On Wed, Mar 22, 2023 at 6:04 PM Tejun Heo <tj@...nel.org> wrote:
>
> Thanks for the pointers. They all seem plausible symptoms of work items
> getting bounced across slow cache boundaries. I'm off for a few weeks so
> can't really dig in right now but will get to it afterwards.

So just as a gut feeling, I suspect that one solution would be to
always *start* the work on the local CPU (where "local" might be the
same, or at least a sibling).

The only reason to migrate to another CPU would be if the work is
CPU-intensive, and I do suspect that is commonly not really the case.

And I strongly suspect that our WQ_CPU_INTENSIVE flag is pure garbage,
and should just be gotten rid of, because what could be considered
"CPU intensive" in under one situation might not be CPU intensive in
another one, so trying to use some static knowledge about it is just
pure guess-work.

The different situations might be purely contextual things ("heavy
network traffic when NAPI polling kicks in"), but it might also be
purely hardware-related (ie "this is heavy if we don't have CPU hw
acceleration for crypto, but cheap if we do").
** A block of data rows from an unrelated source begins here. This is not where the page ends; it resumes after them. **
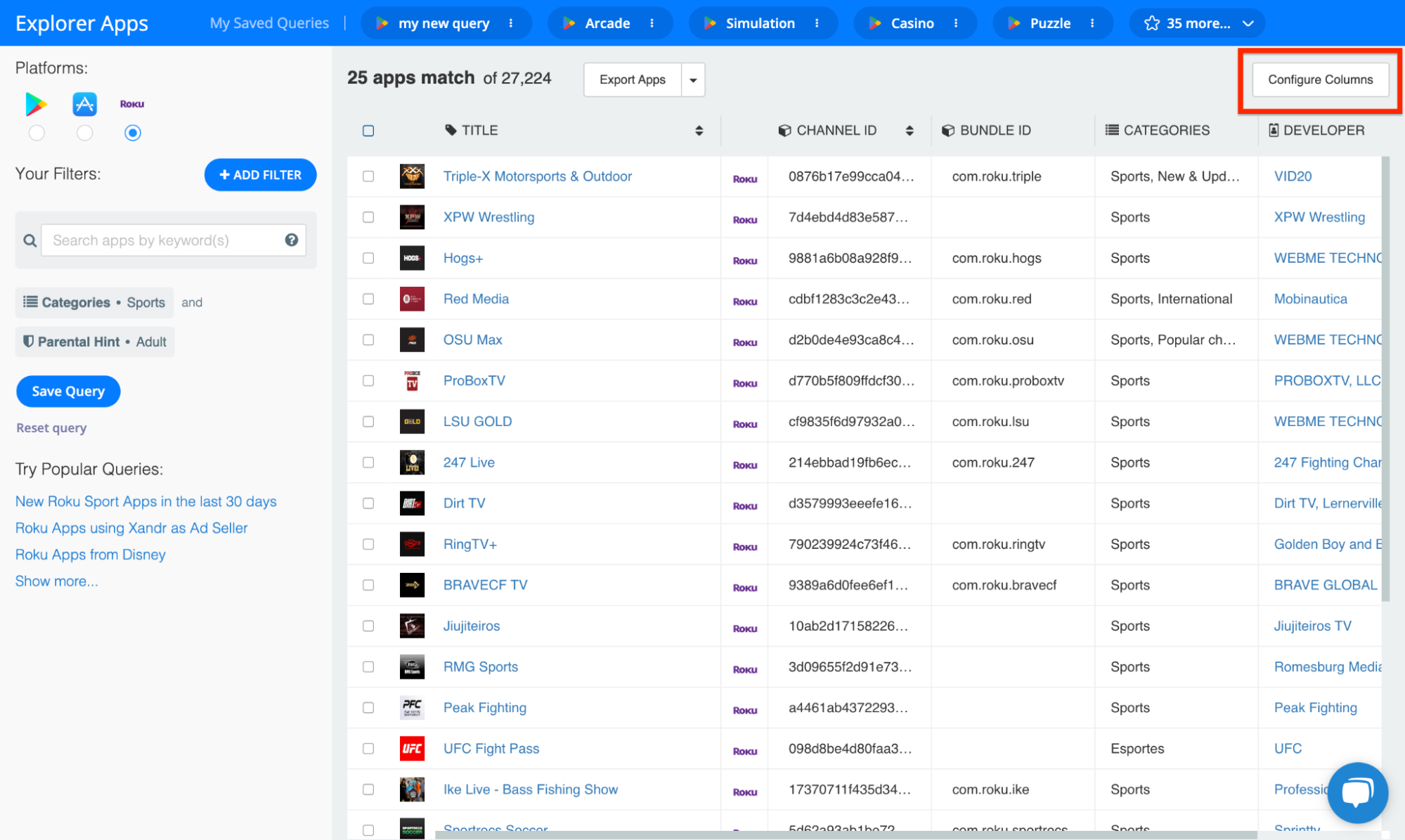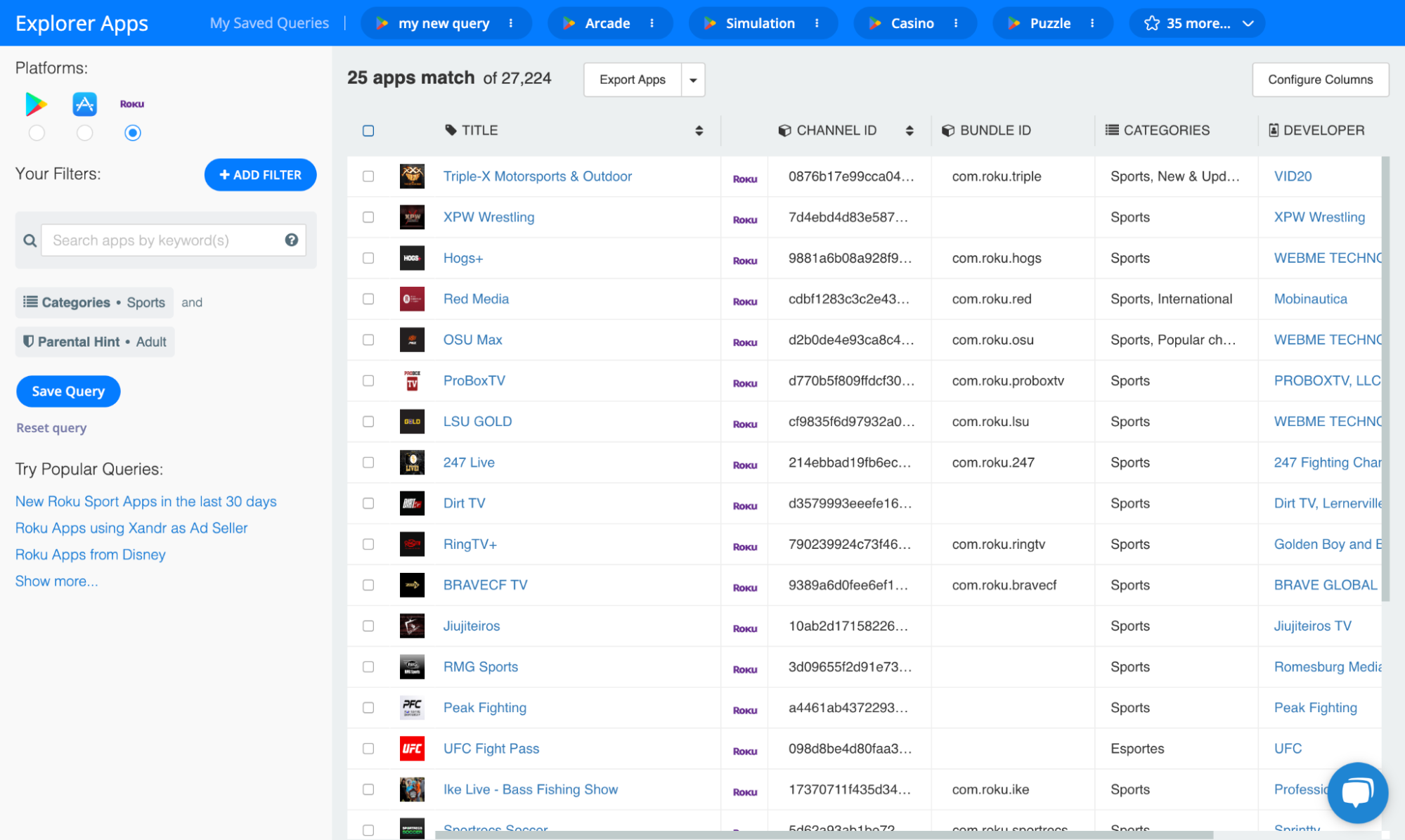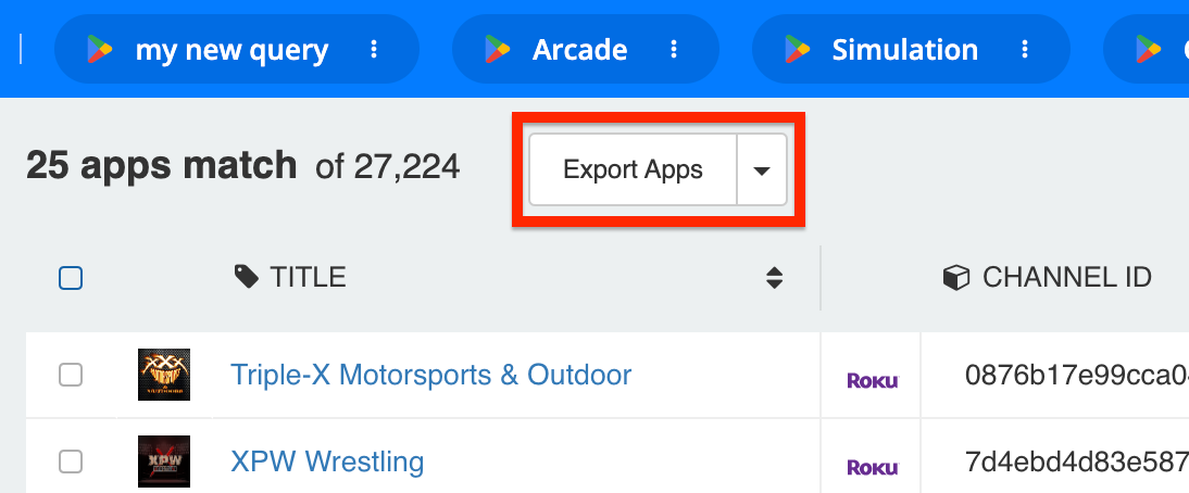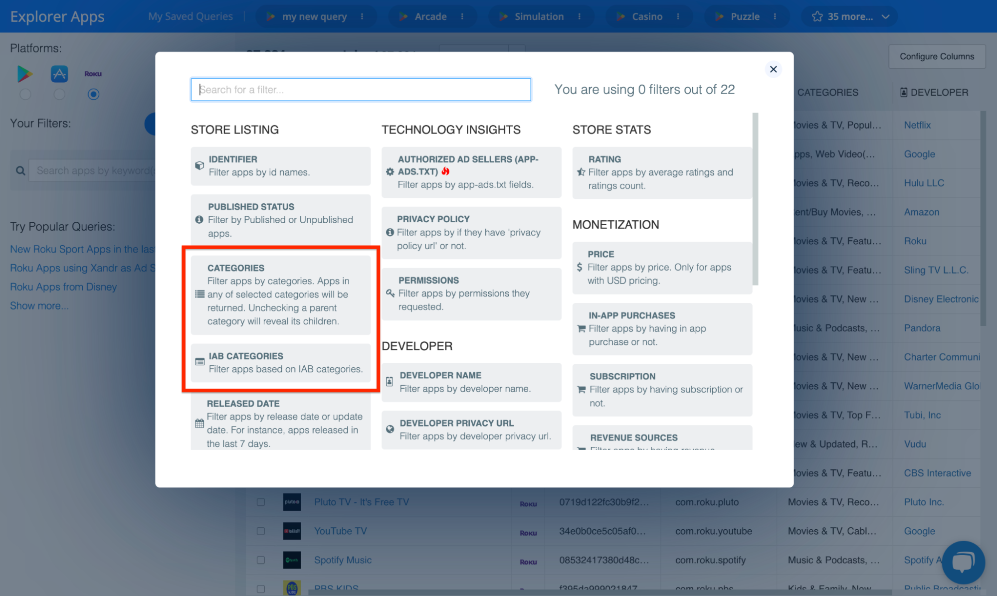 In this case, 25 Roku apps match our specific query. However, you can use the Explorer’s 20+ filters to expand and narrow your query as you see fit.
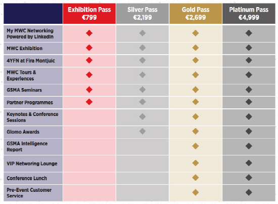 MWC 바르셀로나라고 해서 모든 것이 완벽하지는 않다. 일단 입장료가 너무 비싸다. 제일 저렴한 일반인 입장권이 약 105만원(799유로)이며, 가장 비싼 입장권은 약 650만원(4,999유로) 정도 한다. 입장권의 종류에 따라 입장 할 수 있는 공간들이 다소 다르다. 기업 차원에서 참석하는 것이 아니라면 일반인들은 개인돈으로 참석하기 힘든 행사다.
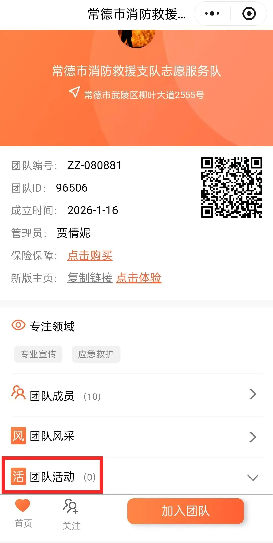 6.点击“常德市消防救援支队志愿服务队”,进入中心页面后点击右下角“加入团队”等待审核人员同意即可。
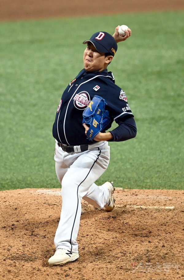 18일 서울 고척스카이돔에서 ‘2020 신한은행 SOL KBO 리그’ 포스트시즌 한국시리즈 2차전 두산 베어스와 NC 다이노스의 중립 경기가 열렸다. 9회말 1사 1,2루 상황에서 등판한 두산 김민규가 역투하고 있다. 고척 | 김종원 기자 won@donga.com
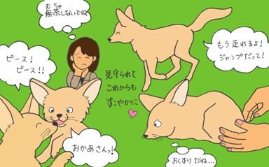 ピースはフェネック夫婦の間に何頭目かに生まれた子供です。残念ながらこれまでの子供は成長できず生まれて間もなく死んでしまっていたため、無事成長した初の子供です。「元気に走れるようにさせてあげたい。」みんなの共通の思いです。骨が弱いピースのために餌にカルシウムを加えたり、タオルを何枚もしいたフカフカの床や特製の扉や床板を作ったり、飼育員達も毎日工夫を重ねピースのお世話に臨みました。
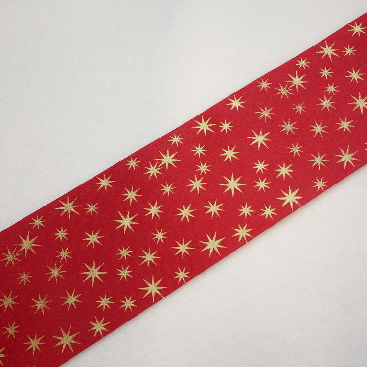 Berisfords Polyester Satin Ribbon- Red & Gold Stars- 35mm/65mm
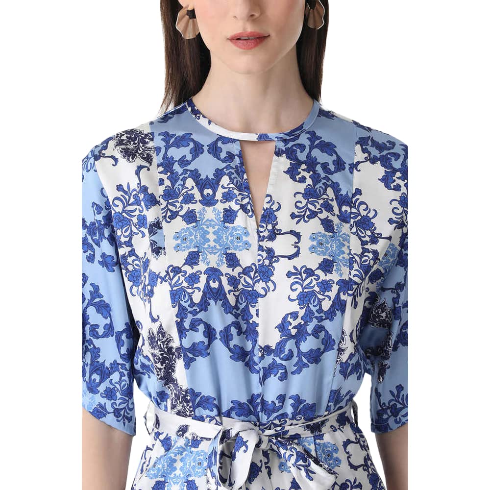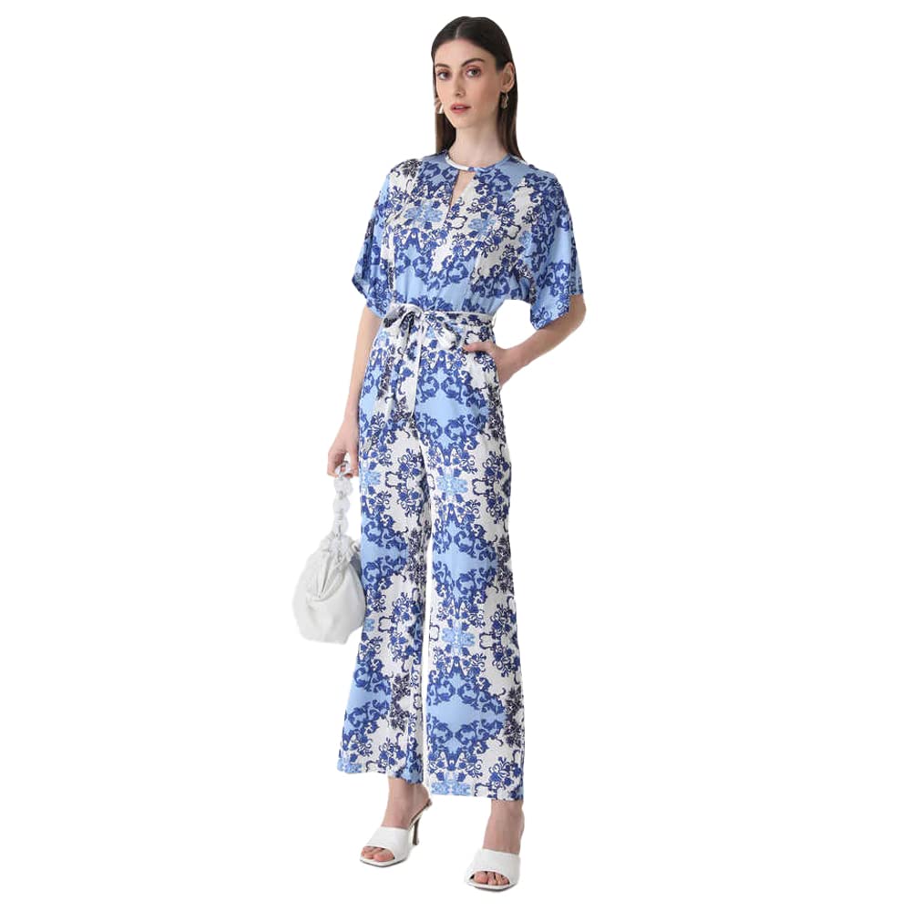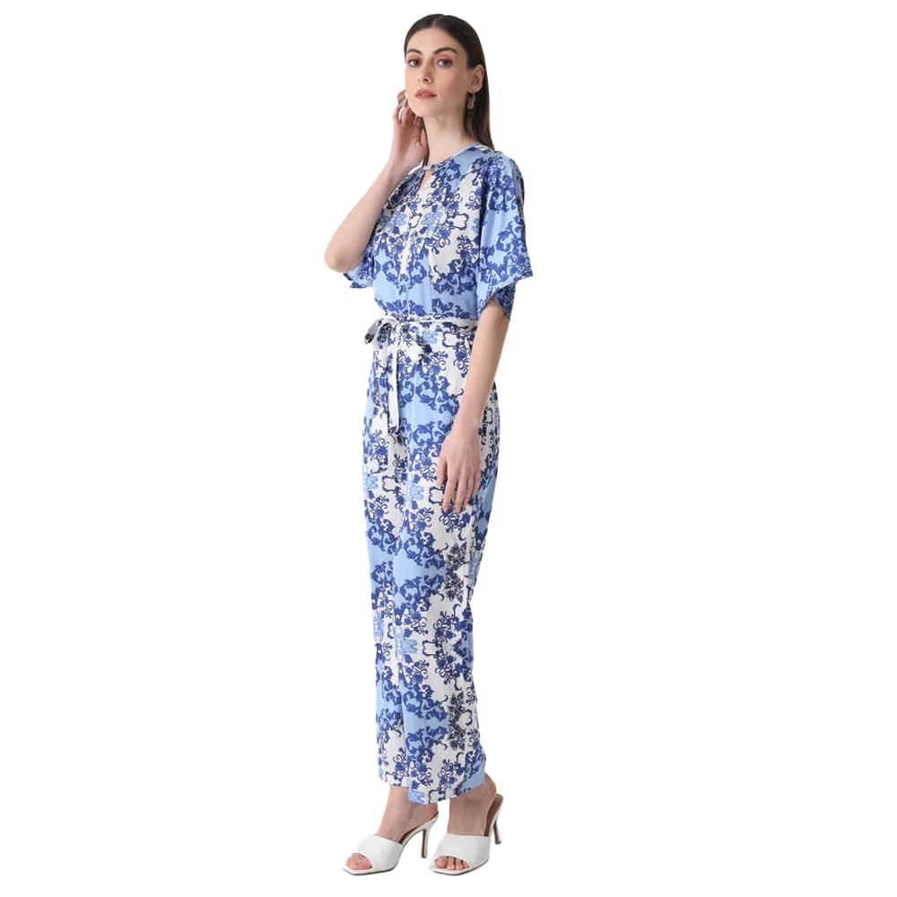 Kazo Solid Satin Regular Fit Womens Jumpsuit (BLUE MIX DARK, LARGE)
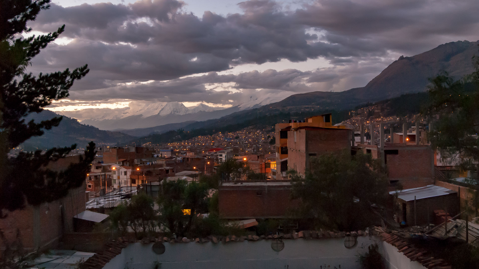 Huaraz, Peru at dusk. The high peaks in the distance are in Huascarán National Park. Quite the view from my hotel room.

So I really don't think it should be some static decision, either
through WQ_CPU_INTENSIVE _or_ through "WQ_UNBOUND means schedule on
first available CPU".

Wouldn't it be much nicer if we just noticed it dynamically, and
WQ_UNBOUND would mean that the workqueue _can_ be scheduled on another
CPU if it ends up being advantageous?

And we actually kind of have that dynamic flag already, in the form of
the scheduler. It might even be explicit in the context of the
workqueue (with "need_resched()" being true and the workqueue code
itself might notice it and explicitly then try to spread it out), but
with preemption it's more implicit and maybe it needs a bit of
tweaking help.

So that's what I mean by "start the work as local CPU work" - use that
as the baseline decision (since it's going to be the case that has
cache locality), and actively try to avoid spreading things out unless
we have an explicit reason to, and that reason we could just get from
the scheduler.

The worker code already has that "wq_worker_sleeping()" callback from
the scheduler, but that only triggers when a worker is going to sleep.
I'm saying that the "scheduler decided to schedule out a worker" case
might be used as a "Oh, this is CPU intensive, let's try to spread it
out".

See what I'm trying to say?

And yes, the WQ_UNBOUND case does have a weak "prefer local CPU" in
how it basically tends to try to pick the current CPU unless there is
some active reason not to (ie the whole "wq_select_unbound_cpu()"
code), but I suspect that is then counter-acted by the fact that it
will always pick the workqueue pool by node - so the "current CPU"
ends up probably being affected by what random CPU that pool was
running on.

An alternative to any scheduler interaction thing might be to just
tweak "first_idle_worker()". I get the feeling that that choice is
just horrid, and that is another area that could really try to take
locality into account. insert_work() realyl seems to pick a random
worker from the pool - which is fine when the pool is per-cpu, but
when it's the unbound "random node" pool, I really suspect that it
might be much better to try to pick a worker that is on the right cpu.

But hey, I may be missing something. You know this code much better than I do.